## YOUR TASK:
The reply is to be the lines from the one with "Портативный аккумулятор PAVAREAL" through the last line of the records below, each retyped exactly, with pictures left out.

Stored dataset items:
------------------------------------

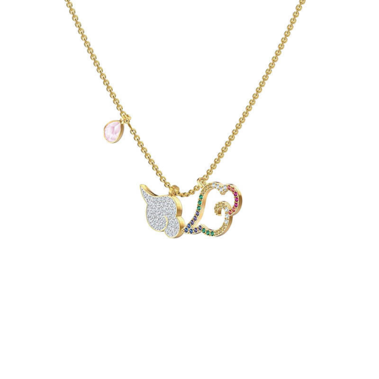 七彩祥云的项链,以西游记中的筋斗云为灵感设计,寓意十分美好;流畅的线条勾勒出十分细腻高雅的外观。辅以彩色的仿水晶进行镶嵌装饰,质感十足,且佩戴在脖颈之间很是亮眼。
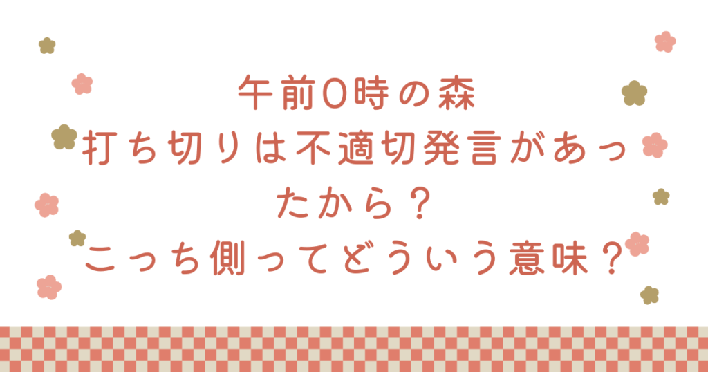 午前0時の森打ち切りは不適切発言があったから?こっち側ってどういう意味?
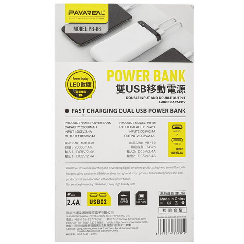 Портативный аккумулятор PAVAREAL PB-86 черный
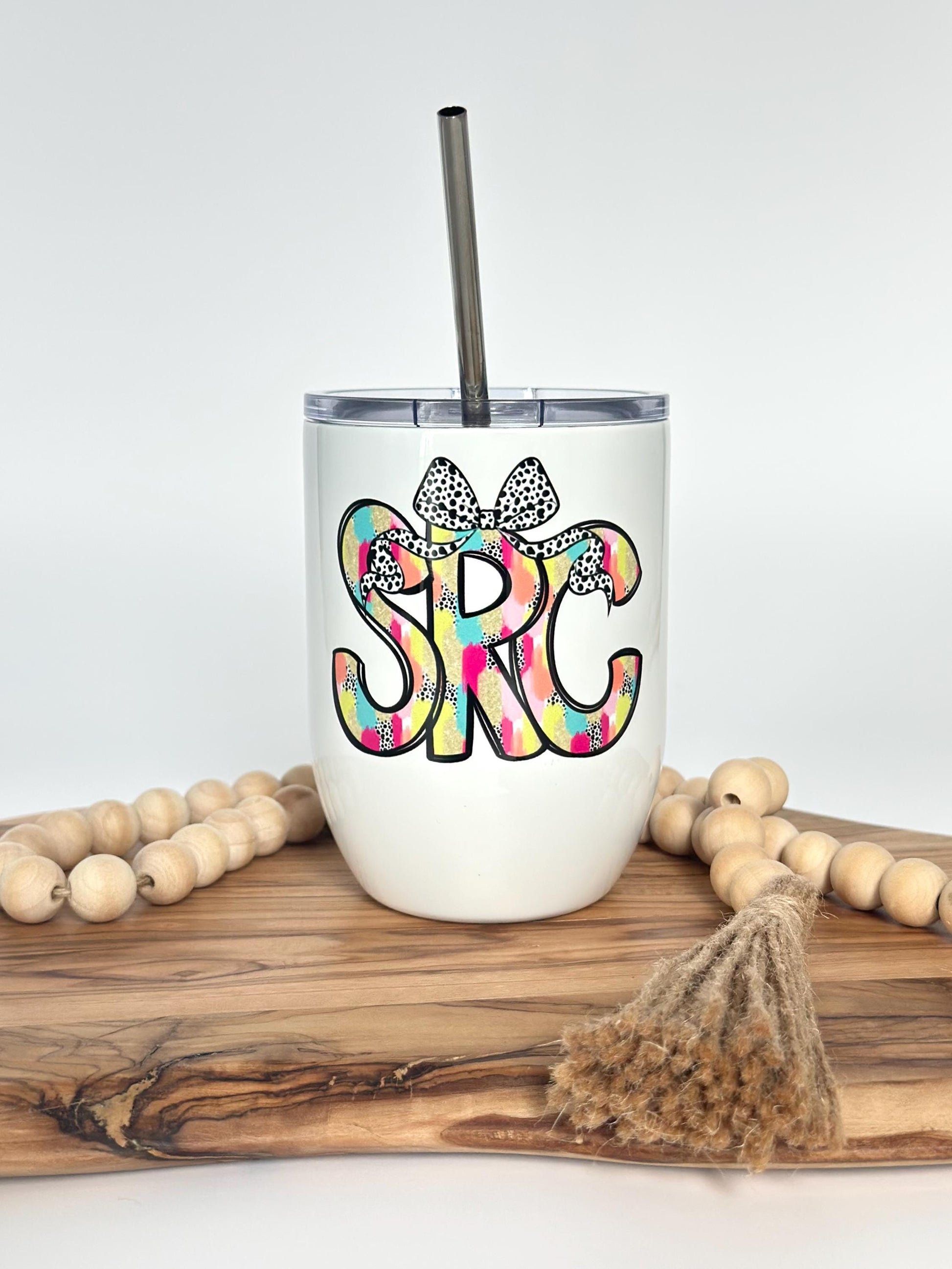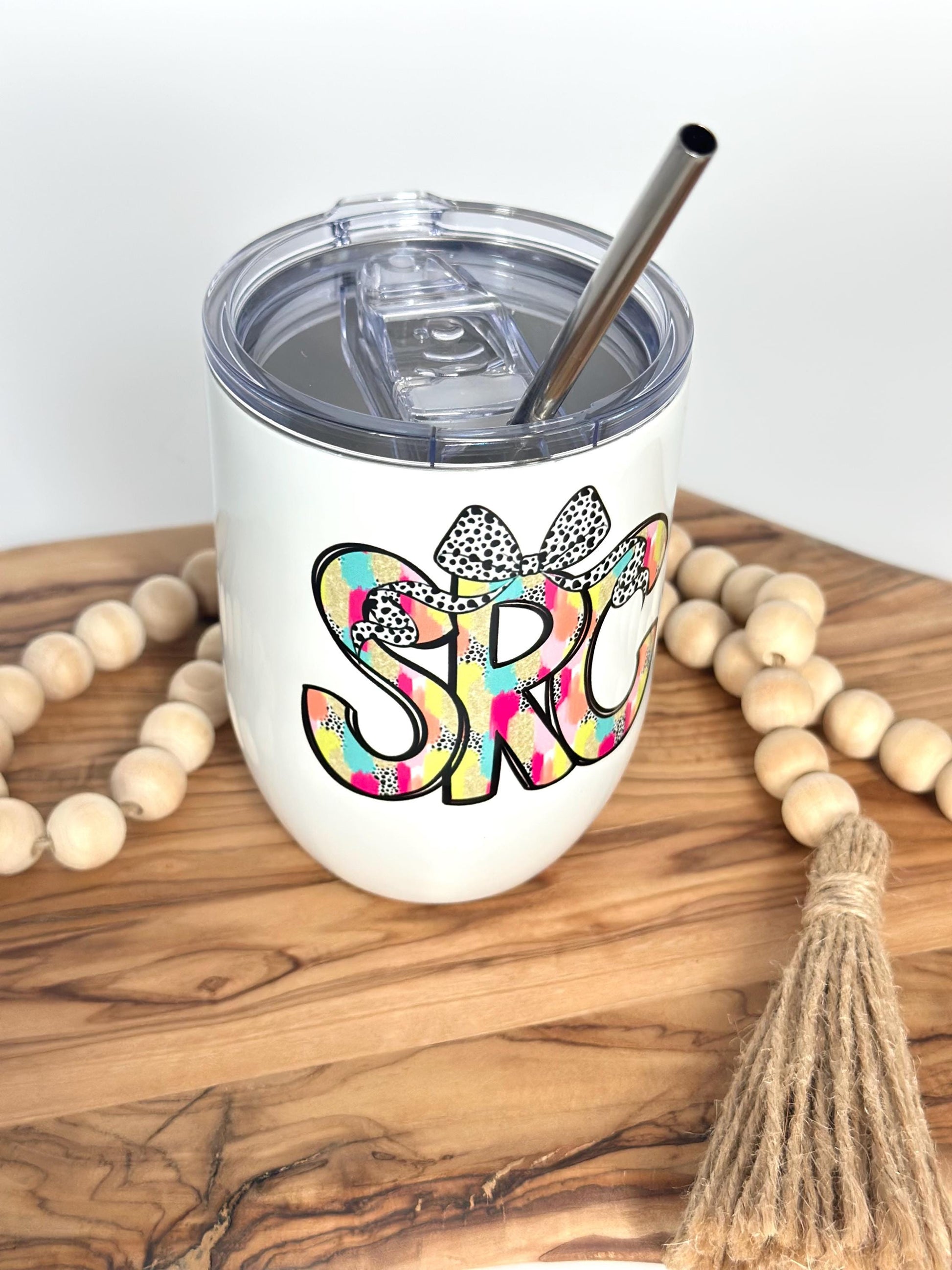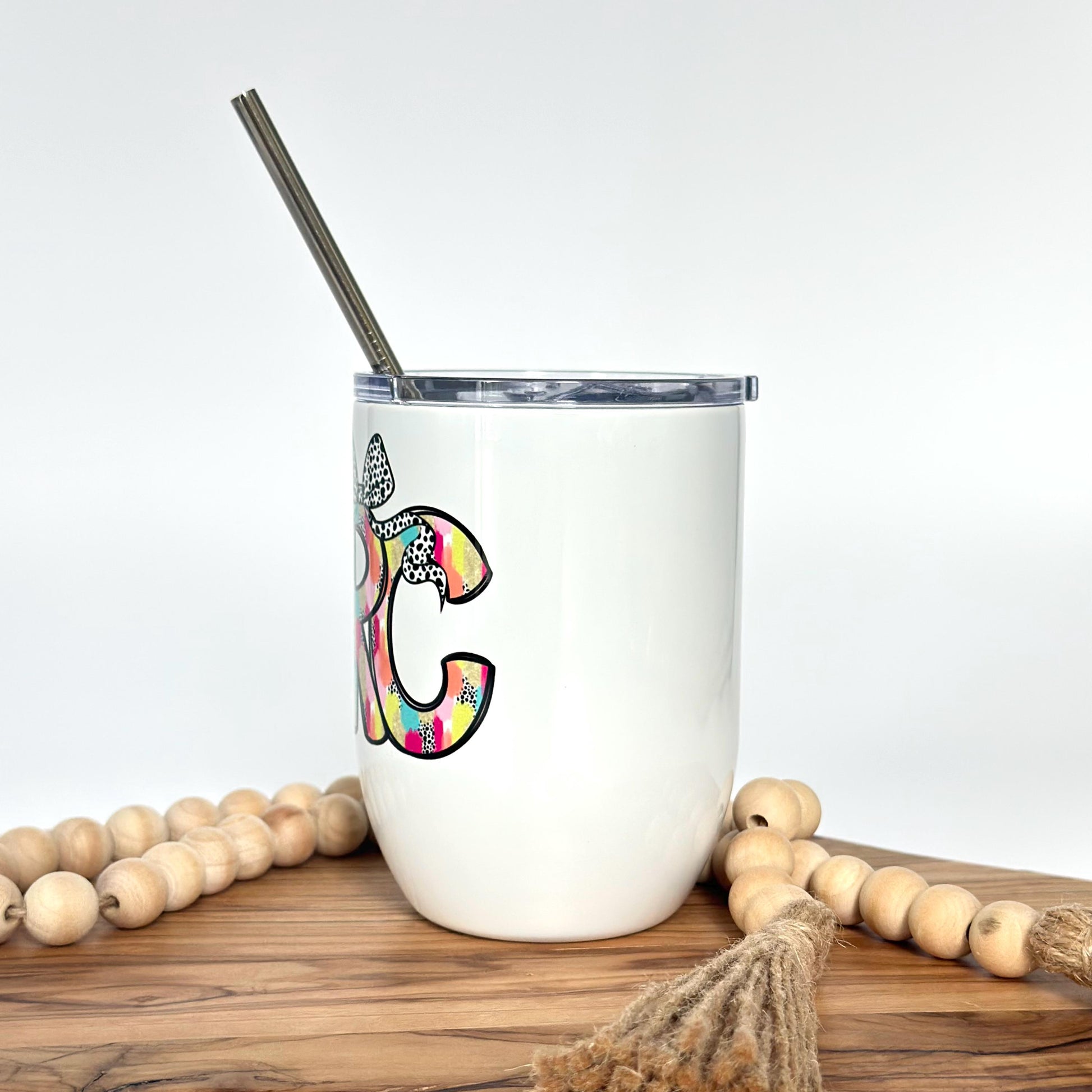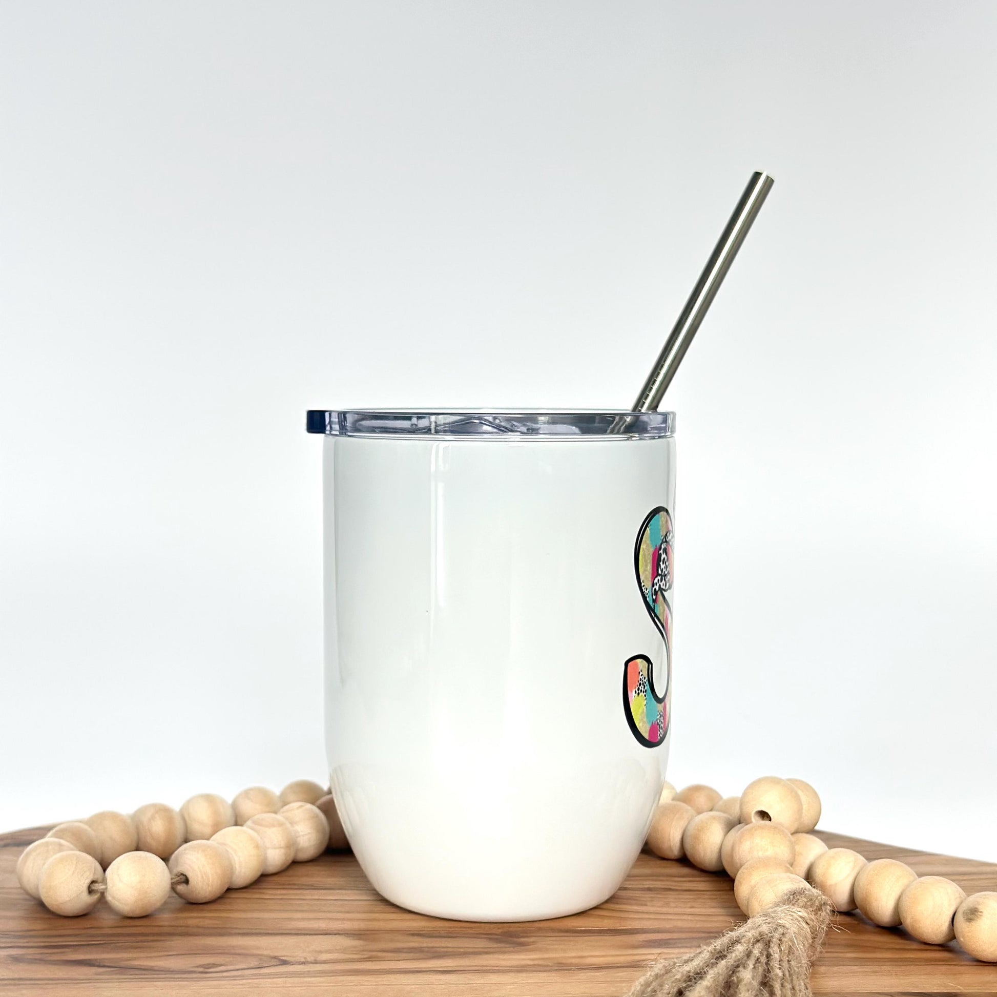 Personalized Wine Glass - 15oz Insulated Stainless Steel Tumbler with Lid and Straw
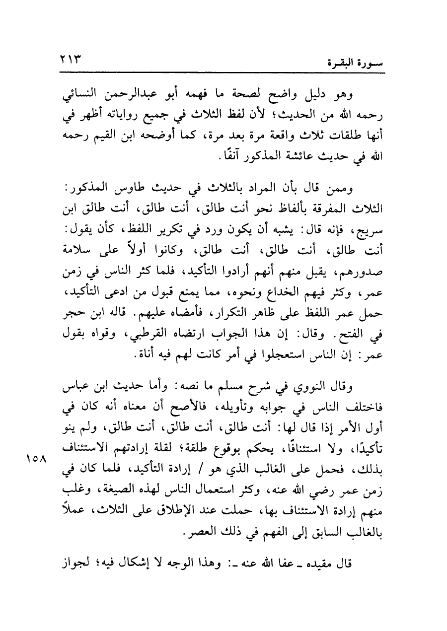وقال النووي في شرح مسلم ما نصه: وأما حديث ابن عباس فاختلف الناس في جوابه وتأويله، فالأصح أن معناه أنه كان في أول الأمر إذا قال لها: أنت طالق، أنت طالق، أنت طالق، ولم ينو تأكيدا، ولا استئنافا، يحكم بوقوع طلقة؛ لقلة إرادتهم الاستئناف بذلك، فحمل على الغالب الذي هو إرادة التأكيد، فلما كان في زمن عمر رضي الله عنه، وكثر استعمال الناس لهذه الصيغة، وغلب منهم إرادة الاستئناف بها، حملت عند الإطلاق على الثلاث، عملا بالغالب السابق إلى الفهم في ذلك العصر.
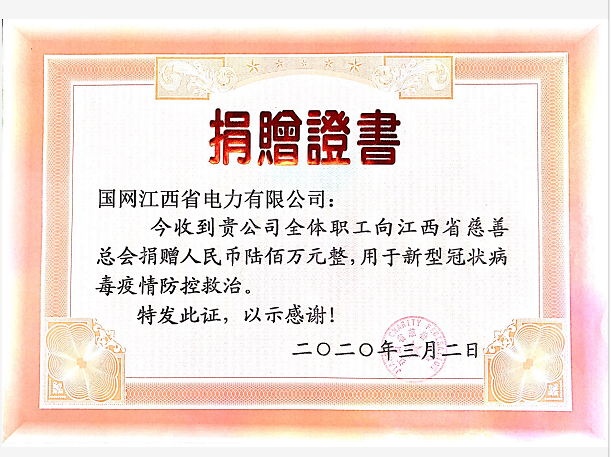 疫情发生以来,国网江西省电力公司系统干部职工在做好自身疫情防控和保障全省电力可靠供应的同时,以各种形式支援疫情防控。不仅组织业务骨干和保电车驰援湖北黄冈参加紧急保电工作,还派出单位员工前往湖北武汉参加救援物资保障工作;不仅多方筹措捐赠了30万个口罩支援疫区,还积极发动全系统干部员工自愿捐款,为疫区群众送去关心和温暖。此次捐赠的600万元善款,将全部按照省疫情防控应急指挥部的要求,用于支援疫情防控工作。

------------------------------------

## REPLY TO THE TASK:
 Портативный аккумулятор PAVAREAL PB-86 черный
 Personalized Wine Glass - 15oz Insulated Stainless Steel Tumbler with Lid and Straw
وقال النووي في شرح مسلم ما نصه: وأما حديث ابن عباس فاختلف الناس في جوابه وتأويله، فالأصح أن معناه أنه كان في أول الأمر إذا قال لها: أنت طالق، أنت طالق، أنت طالق، ولم ينو تأكيدا، ولا استئنافا، يحكم بوقوع طلقة؛ لقلة إرادتهم الاستئناف بذلك، فحمل على الغالب الذي هو إرادة التأكيد، فلما كان في زمن عمر رضي الله عنه، وكثر استعمال الناس لهذه الصيغة، وغلب منهم إرادة الاستئناف بها، حملت عند الإطلاق على الثلاث، عملا بالغالب السابق إلى الفهم في ذلك العصر.
 疫情发生以来,国网江西省电力公司系统干部职工在做好自身疫情防控和保障全省电力可靠供应的同时,以各种形式支援疫情防控。不仅组织业务骨干和保电车驰援湖北黄冈参加紧急保电工作,还派出单位员工前往湖北武汉参加救援物资保障工作;不仅多方筹措捐赠了30万个口罩支援疫区,还积极发动全系统干部员工自愿捐款,为疫区群众送去关心和温暖。此次捐赠的600万元善款,将全部按照省疫情防控应急指挥部的要求,用于支援疫情防控工作。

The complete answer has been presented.